Her artistic methodology is based on an expanded understanding of sculpture. Using a variety of media and techniques, such as digital prints, 3D animations, objects, videos, large-scale installations and immersive environments, she blurs the boundaries between the digital and analogue worlds. She reconfigures everyday and mass-produced objects through changes in size, materiality and form, transforming the familiar into critical reflections on work, value and power. By juxtaposing synthetic industrial materials with organic, tactile fabrics, she articulates a dialectic between the artificial and the natural, and the permanent and the ephemeral.
Another conceptual level of Raczyńska’s work is semiotics. By translating spoken and written language into visual codes, pictograms and signs., she establishes immediate yet transient links between words, images, and objects. This approach positions her installations at the interface between communication and materiality, where meaning is constantly renegotiated rather than fixed. At the same time, she employs processes of construction and reconstruction, both material and conceptual, to comprehend, deconstruct and ultimately reassemble existing narratives.

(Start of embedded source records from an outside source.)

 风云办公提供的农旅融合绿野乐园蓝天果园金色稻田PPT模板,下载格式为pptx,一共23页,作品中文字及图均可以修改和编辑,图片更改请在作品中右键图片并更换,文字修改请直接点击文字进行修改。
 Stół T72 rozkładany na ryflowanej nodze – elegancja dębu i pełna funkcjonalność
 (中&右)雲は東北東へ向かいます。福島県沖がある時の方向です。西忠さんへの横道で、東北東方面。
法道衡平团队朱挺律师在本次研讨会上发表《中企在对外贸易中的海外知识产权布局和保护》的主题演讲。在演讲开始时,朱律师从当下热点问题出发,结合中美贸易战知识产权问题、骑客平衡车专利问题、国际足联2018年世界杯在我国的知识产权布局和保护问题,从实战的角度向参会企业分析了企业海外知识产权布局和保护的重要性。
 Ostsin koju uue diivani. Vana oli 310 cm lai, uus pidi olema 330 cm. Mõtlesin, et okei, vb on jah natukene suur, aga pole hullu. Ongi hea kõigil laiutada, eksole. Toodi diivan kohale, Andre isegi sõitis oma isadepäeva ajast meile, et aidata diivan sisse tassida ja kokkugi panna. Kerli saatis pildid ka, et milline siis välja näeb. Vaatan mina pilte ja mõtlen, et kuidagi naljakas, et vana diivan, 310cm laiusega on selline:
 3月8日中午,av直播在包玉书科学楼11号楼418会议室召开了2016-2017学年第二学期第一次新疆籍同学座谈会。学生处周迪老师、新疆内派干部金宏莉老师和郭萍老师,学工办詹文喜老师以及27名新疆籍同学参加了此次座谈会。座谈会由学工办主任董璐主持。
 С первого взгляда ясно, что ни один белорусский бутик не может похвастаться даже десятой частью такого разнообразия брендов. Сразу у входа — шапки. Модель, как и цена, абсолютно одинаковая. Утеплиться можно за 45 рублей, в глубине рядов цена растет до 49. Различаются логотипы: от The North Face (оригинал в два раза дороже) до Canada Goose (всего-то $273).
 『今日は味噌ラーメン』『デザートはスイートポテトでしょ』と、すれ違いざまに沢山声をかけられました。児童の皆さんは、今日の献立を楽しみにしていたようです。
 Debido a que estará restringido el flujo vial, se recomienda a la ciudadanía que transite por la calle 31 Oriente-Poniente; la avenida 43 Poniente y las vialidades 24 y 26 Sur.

On a formal level, recurring motifs and materials from Slavic traditions and folklore collide with a cold, post-industrial aesthetic, revealing the mechanisms through which meaning, memory and identity are continuously produced and redefined.
This revisiting of the past, filtered through the digital zeitgeist, creates space for critical reflection on processes of social transformation and on the viewer’s own position within contemporary systems of affect, care and labour.
Raczyńska holds an MFA in Sculpture from the Eugeniusz Geppert Academy of Art and Design Wroclaw, as well as a postgraduate degree in Media Art from the Leipzig Academy of Fine Arts. She has exhibited widely in Germany, Poland, England, France, the Netherlands and Switzerland, and has participated in residencies in France, the Netherlands, Slovakia and Bulgaria. Her work is held in the collections of the Cultural Foundation of the Free State of Saxony (Die Kulturstiftung des Freistaates Sachsen), the Contemporary Art Collection of the Federal Republic of Germany (Bundeskunstsammlung) and private collections. From October 2021 to March 2025, she was a lecturer and artistic associate in the class for Installation and Space at the Hochschule für Grafik und Buchkunst (HGB Leipzig).